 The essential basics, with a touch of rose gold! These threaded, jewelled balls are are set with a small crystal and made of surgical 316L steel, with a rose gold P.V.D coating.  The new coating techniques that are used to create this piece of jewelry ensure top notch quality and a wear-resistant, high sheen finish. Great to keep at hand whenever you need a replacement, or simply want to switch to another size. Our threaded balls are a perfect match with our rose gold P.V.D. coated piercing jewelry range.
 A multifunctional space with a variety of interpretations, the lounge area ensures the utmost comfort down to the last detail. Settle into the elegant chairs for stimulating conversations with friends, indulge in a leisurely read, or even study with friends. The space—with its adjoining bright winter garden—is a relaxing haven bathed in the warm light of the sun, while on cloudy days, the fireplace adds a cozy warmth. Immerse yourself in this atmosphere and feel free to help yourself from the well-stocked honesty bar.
• • • • •
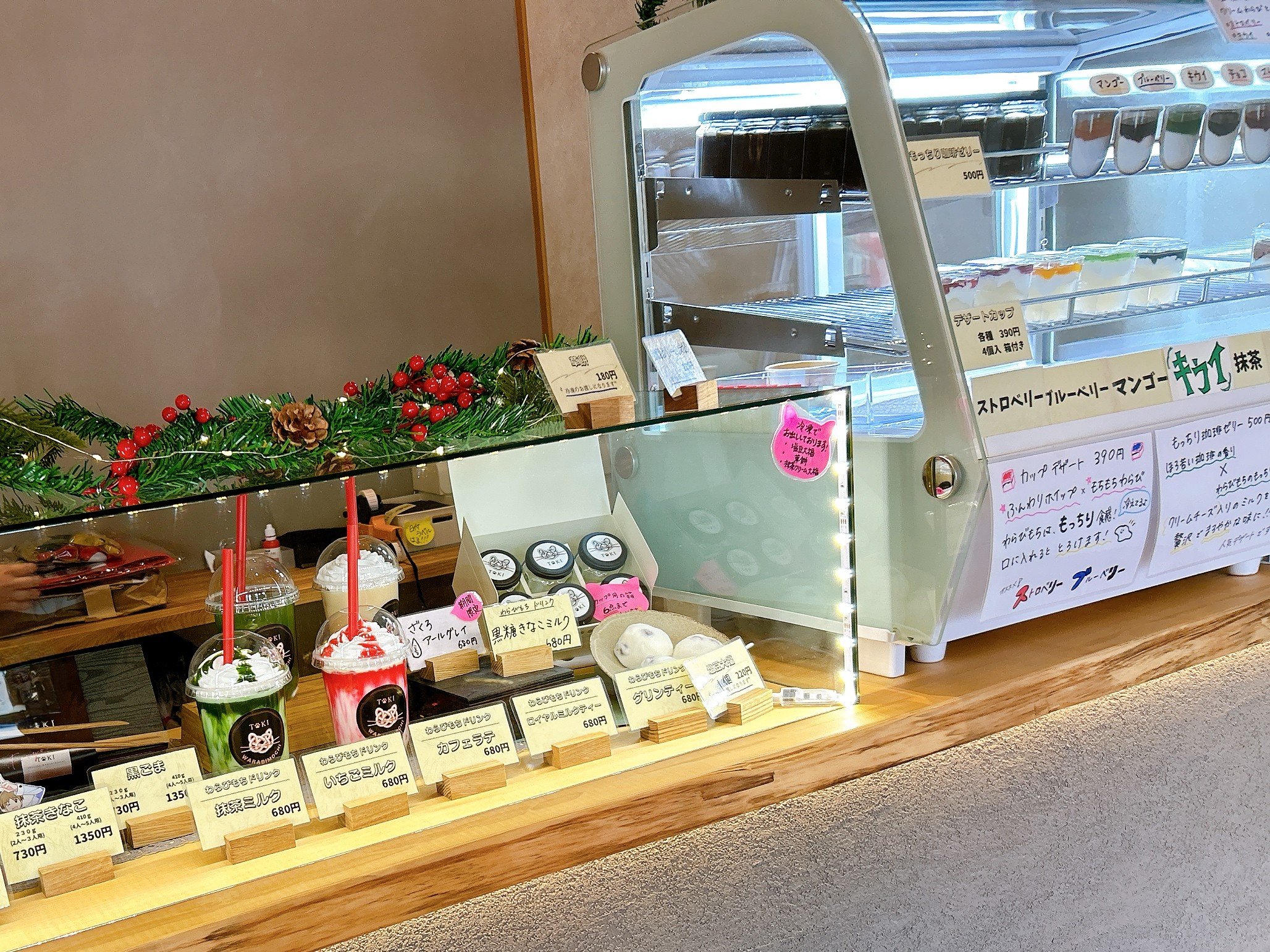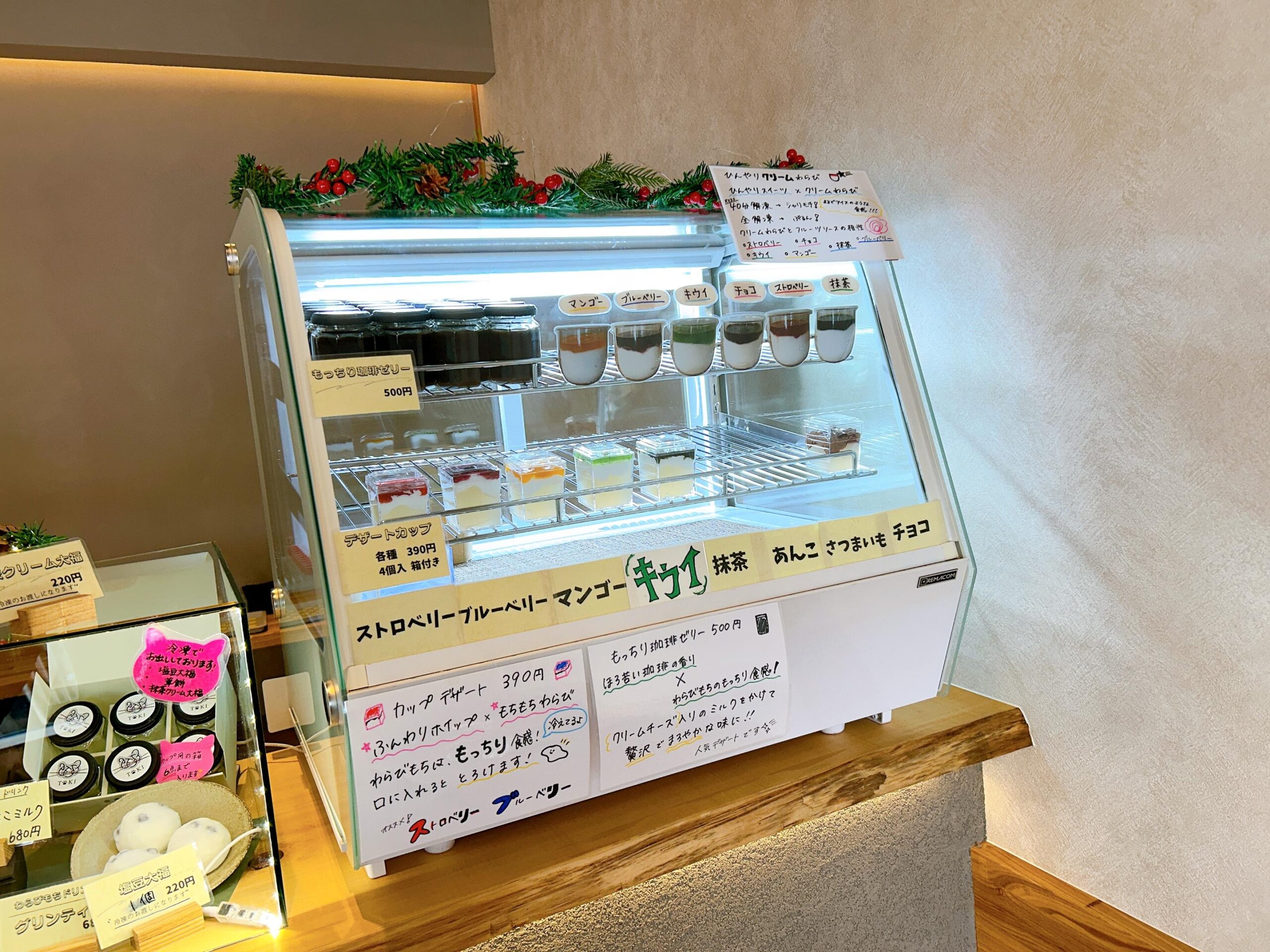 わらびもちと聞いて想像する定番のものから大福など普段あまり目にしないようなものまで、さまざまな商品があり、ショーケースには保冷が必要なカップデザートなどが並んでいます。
• • • • •
REQUIREMENT: From the entries above, extract each line containing "this".

TASK RESPONSE:
 The essential basics, with a touch of rose gold! These threaded, jewelled balls are are set with a small crystal and made of surgical 316L steel, with a rose gold P.V.D coating.  The new coating techniques that are used to create this piece of jewelry ensure top notch quality and a wear-resistant, high sheen finish. Great to keep at hand whenever you need a replacement, or simply want to switch to another size. Our threaded balls are a perfect match with our rose gold P.V.D. coated piercing jewelry range.
 A multifunctional space with a variety of interpretations, the lounge area ensures the utmost comfort down to the last detail. Settle into the elegant chairs for stimulating conversations with friends, indulge in a leisurely read, or even study with friends. The space—with its adjoining bright winter garden—is a relaxing haven bathed in the warm light of the sun, while on cloudy days, the fireplace adds a cozy warmth. Immerse yourself in this atmosphere and feel free to help yourself from the well-stocked honesty bar.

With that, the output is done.